━━━ INPUT MATERIAL

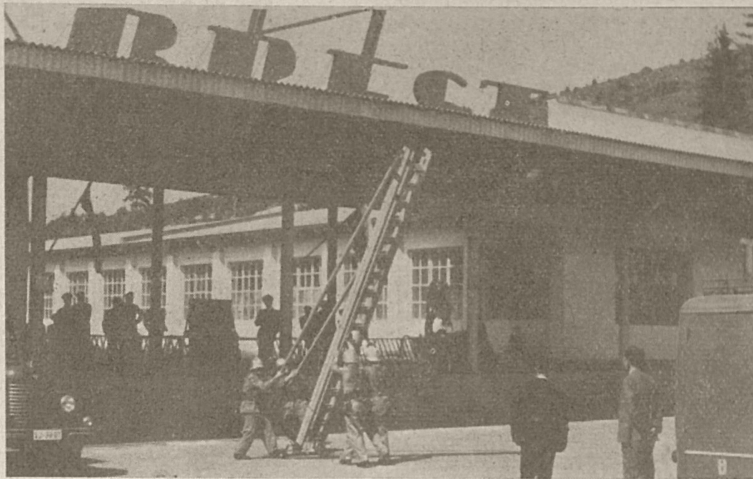
Gasilci pri praktični vaji

ja gasivska društva. Tovarna pohišstva Cerknica ima dve desetini, eno od teh sestavljajo večinoma mladi fantje, drugo pa starejši. V preteklem letu je bila organizirana tudi ženska desetina, ki je imela redne vaje, vendar je v zimskem času njihovo delo za-
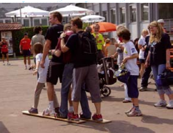
Angebot Sommerski der Skiabteilung

keit zum einem Probetraining in unserem Fitness-Studio.
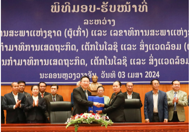
ຊາດ (ຄປຈສພຊ). ເຂົ້າຮ່ວມມີ ທ່ານກໍາມາທິການ, ຮອງເລຂາທິການສະພາແຫ່ງຊາດ ແລະ ບັນດາທ່ານຮອງປະທານ ແລະ ກໍາມະການຄປຈສພຊ; ຮອງປະທານກໍາມາທິການ, ຮອງເລຂາທິການສະພາແຫ່ງຊາດ (ຜູ້ເກົ່າ) ແລະ ເລຂາທິການສະພາແຫ່ງຊາດ (ຜູ້ໃໝ່) ກໍາມາທິການເສດຖະກິດ, ເຕັກໂນໂລຊີ ແລະ ສິ່ງແວດລ້ອມ (ກສຕສ) ກໍາມາທິການເສດຖະກິດ, ເຕັກໂນໂລຊີ ແລະ ສິ່ງແວດລ້ອມ (ກສຕສ) ນະຄອນຫຼວງວຽງຈັນ, ວັນທີ 03 ເມສາ 2024

(ສພຊ) - ໃນຕອນບ່າຍຂອງວັນພຸດທີ 03 ເມສາ 2024 ທີ່ສະພາແຫ່ງຊາດ ໄດ້ຈັດພິທີມອບ-ຮັບໜ້າທີ່ລະຫວ່າງເລຂາທິການສະພາແຫ່ງຊາດ ຜູ້ເກົ່າກັບ ຜູ້ໃໝ່ ແລະ ປະທານກໍາມາທິການເສດຖະກິດ, ເຕັກໂນໂລຊີ ແລະ ສິ່ງແວດລ້ອມ (ກສຕສ) ຜູ້ເກົ່າ ກັບ ຜູ້ໃໝ່; ໂດຍການເປັນປະທານຂອງທ່ານ ປອ. ນາງ ສຸນທອນ ໄຊຍະຈັກ ເລຂາທິການສູນກາງພັກ, ຮອງປະທານຄະນະປະຈໍາສະພາແຫ່ງຊາດ
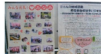
支えあいネット♡みなみ
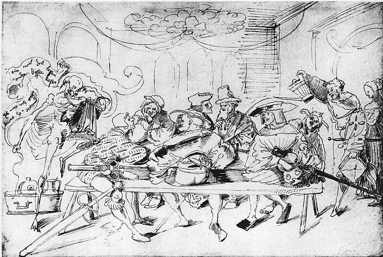
Urs Graf: La Mort à la taverne. Le soudard suisse attablé entre des lansquenets allemand et français (Cab. est., Bâle) - Urs Graf: Der Tod in der Taverne. Schweizer Söldner zwischen einem deutschen Landsknecht und einem französ. Krieger (Kupferstichkabinett, Basel) - Urs Graf: Death in the Inn. The Swiss mercenary at table with German and French hinds (Copper Engraving Collection, Basle) - Urs Graf: La Morte nella taverna. Mercenario svizzero fra un lanzicheneco e un guerriero francese (Cabinetto delle incisioni in rame, Basilea)
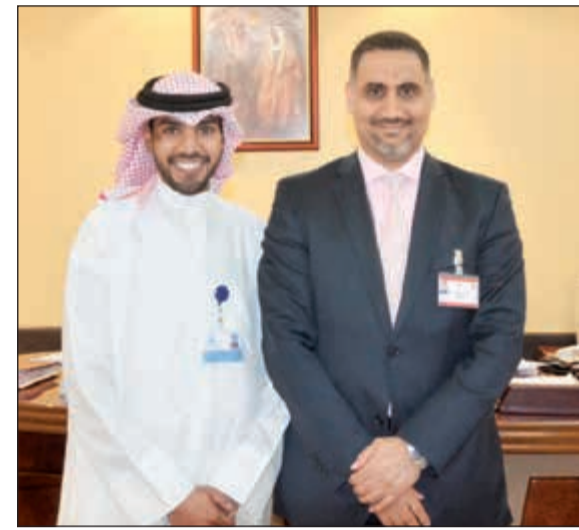
جانب من زيارة المستشفى

على دعم ورعاية الكثير من البرامج والفعاليات المجتمعية الهادفة لتطوير القطاعات الحيوية ومنها قطاع الخدمات الصحية. ويؤمن بنك الكويت الدولي بأن دوره أبعد من مجرد توفير الخدمات والمنتجات المصرفية، بل أنه مسؤول عن تبني العديد من المبادرات الإنسانية والاجتماعية الهادفة لخدمة المجتمع وتلبية احتياجات أفراد في مختلف القطاعات. كما يحرص الدولي على تقديم رعايته لضمان توفير طوال العام للعديد من المؤسسات والمبادرات الصحية، إلى جانب تركيزه على رفع مستوى الوعي الصحي تجاه القضايا الصحية الرئيسية التي تؤثر على المجتمع الكويتي.

━━━━━━

Scan the entries above. Copy each line that has the string "ເມສາ".

ຊາດ (ຄປຈສພຊ). ເຂົ້າຮ່ວມມີ ທ່ານກໍາມາທິການ, ຮອງເລຂາທິການສະພາແຫ່ງຊາດ ແລະ ບັນດາທ່ານຮອງປະທານ ແລະ ກໍາມະການຄປຈສພຊ; ຮອງປະທານກໍາມາທິການ, ຮອງເລຂາທິການສະພາແຫ່ງຊາດ (ຜູ້ເກົ່າ) ແລະ ເລຂາທິການສະພາແຫ່ງຊາດ (ຜູ້ໃໝ່) ກໍາມາທິການເສດຖະກິດ, ເຕັກໂນໂລຊີ ແລະ ສິ່ງແວດລ້ອມ (ກສຕສ) ກໍາມາທິການເສດຖະກິດ, ເຕັກໂນໂລຊີ ແລະ ສິ່ງແວດລ້ອມ (ກສຕສ) ນະຄອນຫຼວງວຽງຈັນ, ວັນທີ 03 ເມສາ 2024
(ສພຊ) - ໃນຕອນບ່າຍຂອງວັນພຸດທີ 03 ເມສາ 2024 ທີ່ສະພາແຫ່ງຊາດ ໄດ້ຈັດພິທີມອບ-ຮັບໜ້າທີ່ລະຫວ່າງເລຂາທິການສະພາແຫ່ງຊາດ ຜູ້ເກົ່າກັບ ຜູ້ໃໝ່ ແລະ ປະທານກໍາມາທິການເສດຖະກິດ, ເຕັກໂນໂລຊີ ແລະ ສິ່ງແວດລ້ອມ (ກສຕສ) ຜູ້ເກົ່າ ກັບ ຜູ້ໃໝ່; ໂດຍການເປັນປະທານຂອງທ່ານ ປອ. ນາງ ສຸນທອນ ໄຊຍະຈັກ ເລຂາທິການສູນກາງພັກ, ຮອງປະທານຄະນະປະຈໍາສະພາແຫ່ງຊາດ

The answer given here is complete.